__Given data__

++++++++++

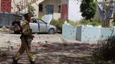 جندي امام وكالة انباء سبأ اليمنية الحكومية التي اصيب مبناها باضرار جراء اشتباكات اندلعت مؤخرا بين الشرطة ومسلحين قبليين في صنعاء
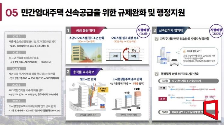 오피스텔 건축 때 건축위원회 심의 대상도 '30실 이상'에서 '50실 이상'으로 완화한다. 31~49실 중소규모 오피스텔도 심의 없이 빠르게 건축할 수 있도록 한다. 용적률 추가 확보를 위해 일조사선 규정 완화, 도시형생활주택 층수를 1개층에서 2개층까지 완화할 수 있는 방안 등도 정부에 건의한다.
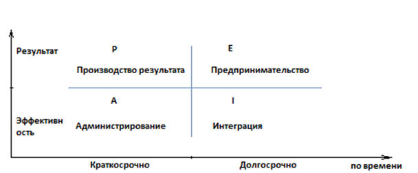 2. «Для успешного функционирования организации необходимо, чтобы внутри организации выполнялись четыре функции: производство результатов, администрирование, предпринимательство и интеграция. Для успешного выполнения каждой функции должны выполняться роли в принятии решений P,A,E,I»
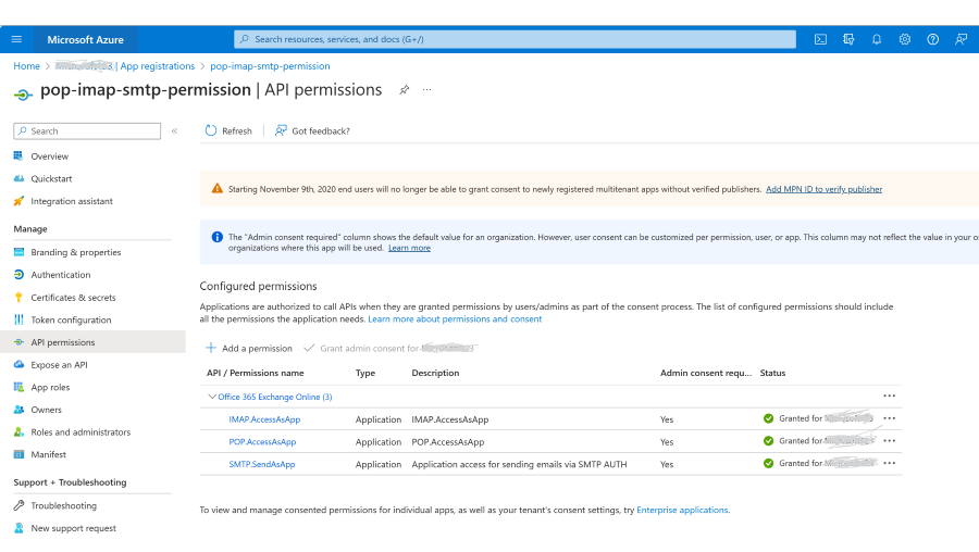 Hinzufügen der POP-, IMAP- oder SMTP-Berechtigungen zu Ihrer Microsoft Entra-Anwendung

++++++++++

__Problem details__
Exactly as they stand, write the lines from the one holding "오피스텔 건축 때 건축위원회" to the end of the material, both ends included. Do not copy the pictures.

__Exercise output__
 오피스텔 건축 때 건축위원회 심의 대상도 '30실 이상'에서 '50실 이상'으로 완화한다. 31~49실 중소규모 오피스텔도 심의 없이 빠르게 건축할 수 있도록 한다. 용적률 추가 확보를 위해 일조사선 규정 완화, 도시형생활주택 층수를 1개층에서 2개층까지 완화할 수 있는 방안 등도 정부에 건의한다.
 2. «Для успешного функционирования организации необходимо, чтобы внутри организации выполнялись четыре функции: производство результатов, администрирование, предпринимательство и интеграция. Для успешного выполнения каждой функции должны выполняться роли в принятии решений P,A,E,I»
 Hinzufügen der POP-, IMAP- oder SMTP-Berechtigungen zu Ihrer Microsoft Entra-Anwendung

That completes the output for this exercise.